Repository files navigation

PDF Table Extractor

Pull tables out of any PDF — text-based, scanned, or mixed — and get clean JSON and CSV files back.
No complicated setup. No system installs needed for regular PDFs. Just Python and one pip install.


How It Works

flowchart TD
    A([You upload or drop a PDF]) --> B{Does the page have text?}

    B -- Yes --> C[Read text directly\nusing pdfplumber]
    B -- No / Scanned image --> D[Convert page to image\nusing PyMuPDF]

    B -- Has text AND embedded images --> C
    B -- Has text AND embedded images --> D

    C --> E[Find tables by\nborders or word positions]
    D --> F[Find tables by\nimage line detection]
    F --> G[Read text in each cell\nusing EasyOCR]

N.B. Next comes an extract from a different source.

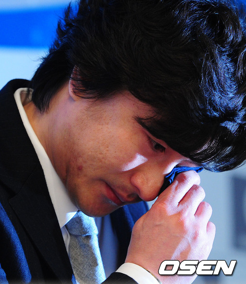 안정환이 인사말을 하며 눈물을 흘리고 있다.
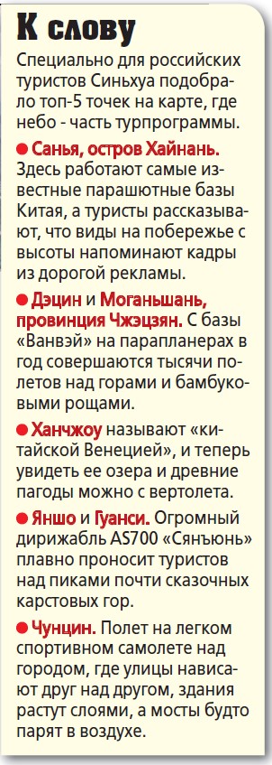 Подобные эмоции в Китае переживают тысячи людей ежедневно, а про ситифлай туристы узнали бы еще не скоро, если бы не стремительное развитие в стране низковысотной авиации. В Поднебесной появляются парапланерные базы, вертолетные станции, даже целые «авиационные городки» вроде того, что открыт в Ханчжоу и предлагает маршруты над рекой Цяньтанцзян, озером Сиху и горой Баошишань. «С высоты река действительно похожа на шелковую ленту!» - восклицают туристы, делясь кадрами, которые невозможно сделать с обычной смотровой площадки.

    E --> H{Table spans\nmultiple pages?}
    G --> H

    H -- Yes --> I[Merge into one table]
    H -- No  --> J[Keep as-is]

    I --> K([Save as JSON + CSV])
    J --> K
Loading

In plain English:

  • If the PDF has real text → we read it directly. Fast and accurate.
  • If the PDF is a scanned image (or has images inside it) → we recognise the text using AI (EasyOCR).
  • If a table runs across two pages → we automatically join them into one.
  • The final output is always clean JSON and CSV files.

Project Structure

AiProject/
├── app.py              ← Web frontend (Flask)
├── main.py             ← Command-line tool
├── config.py           ← Settings you can tweak
├── requirements.txt
│
├── input/              ← Drop your PDFs here (for CLI use)
├── output/             ← Results appear here (for CLI use)
├── templates/
│   └── index.html      ← The web page
│
├── extractors/
│   ├── pipeline.py     ← Decides digital vs OCR per page
│   ├── digital.py      ← Reads text-based PDF tables
│   ├── ocr.py          ← Reads image/scanned tables
│   └── base.py         ← Shared data structures
│
├── exporters/
│   ├── json_exp.py     ← Writes JSON output
│   └── csv_exp.py      ← Writes CSV output
│
└── utils/
    ├── analyzer.py     ← Detects if a page is scanned
    ├── image_proc.py   ← Image cleanup (deskew, denoise)
    ├── merger.py       ← Joins multi-page tables
    └── table_utils.py  ← Cell cleaning and validation

Installation

Requirements: Python 3.9 or higher.

pip install -r requirements.txt

That installs everything. No Tesseract, no Ghostscript, no Poppler needed.

For scanned PDFs only: EasyOCR will download its language model (~100 MB) the first time it runs. This is automatic — no action needed from you.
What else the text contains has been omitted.